Written by Ahendrila Goswami
The copious amount of information available on the world wide web about any and every topic can be very overwhelming at any given time. In my teenage years, when the internet was still quite a luxury and cell phones not as popular among school students, I had looked up the side effects of bleeding every month on the internet at a cyber café in my town.
I had come home with the idea that I had blood cancer (I didn’t know it was called menstruation back then). Years later, I don’t believe the internet has been able to improve as a justifiable source of information, especially on menstruation.
When I type the word ‘menstruation’ in the search engine, a drop-down list of results categorises this natural biological process as exclusive to girls. This immediately segregates it as a heteronormative act and nothing about the queer folk who menstruate appear in these search results at all.
This heteronormative portrayal of periods is further asserted by one of the most common questions appearing in the search options: What should Boys know about Girls’ Periods? This constant emphasis on gender binaries in each search results has successfully kept the people on the internet in the dark about the spectrum of menstruators in real life.
Pre-Menstrual Syndrome (PMS) includes symptoms in menstruators typically occurring between ovulation and menstruation. Still, in the popular internet culture, it is a “suffering” that requires a “cure“. The wobbly feelings in the body due to changing hormonal levels can be quite stressful as it is. However, the meme culture has a very reductive outlook towards PMS – one that is definitely centred on women and portrays them as Monica from F.R.I.E.N.D.S popularly saying “No uterus. No Opinion“.
Some of the memes are constant reminders to boys that PMS-ing women become unapproachable, unlovable and difficult to handle because of their mood swings. The larger effect of this can be felt in the constant trivialisation of PMS among the boys and an angry retaliation from the menstruators which seeks to completely do away with the boys in the narratives surrounding menstruation. This, in turn, widens the gulf between both the parties, making menstruation look like an enigma.
No matter how much we might have troubles talking about menstruation in real life, the internet is full of period talk – from embarrassing stories of menarche to serious menstrual health-related symptoms. While this ensures that awareness about menstruation reaches all internet users, I was once told by a senior that it was tiring to have to see menstruation being hyped so much.
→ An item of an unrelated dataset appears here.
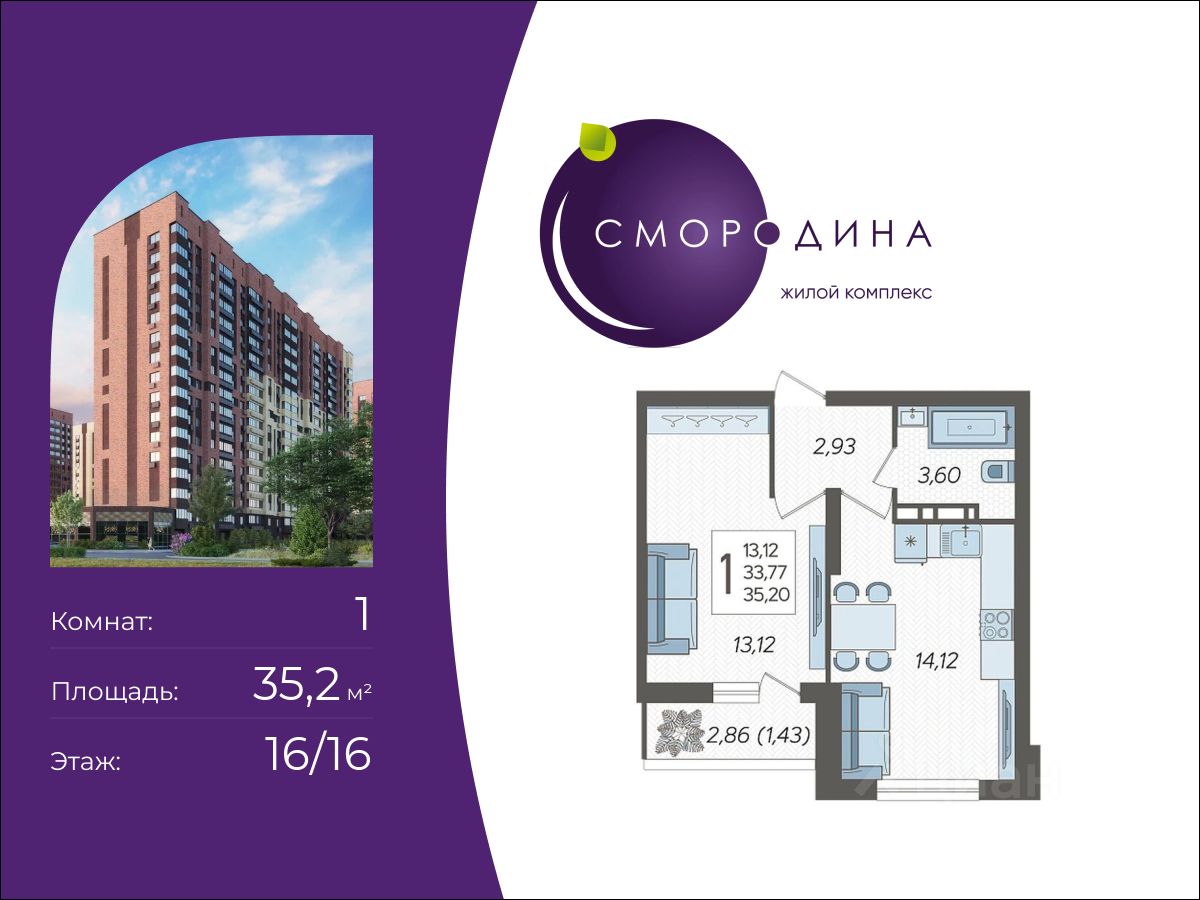 В продаже 1-комнатная квартира площадью 35.2 кв. м, расположенная 12 жилого комплекса комфорт-класса "Смородина". Комплекс от девелопера AVA находится на востоке Краснодара, в Новознаменском районе.

The question then arises, do we hype periods up? How does the representation of periods, in general, on social media lead to wider conclusions about a person and their opinions? Since the stigma around menstruation is age-old and very difficult to do away with completely, two almost neat factions exist in this scenario – one, supporting the awareness drive and two, the people who would rather keep the idea closeted in black plastic packets.
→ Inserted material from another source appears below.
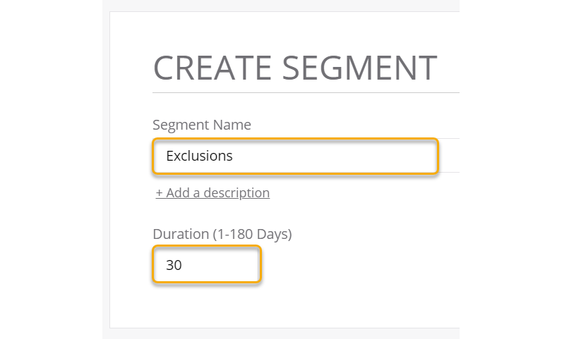 3. Give your segment a name, and set the time frame to whatever you’d like between 1 and 180 days.

Unfortunately, the biological process of menstruation then has lost all the naturalness. It is now a war of words between the newer generation and the old, the liberals and the conservatives. Of course, without the internet and its resources, the little knowledge that we tend to develop about menstruation would have been lost to many but the importance of sharing the right kind of information about menstruation, sans the stereotypes, is essential to help menstruation be treated as what it is – a natural phenomenon.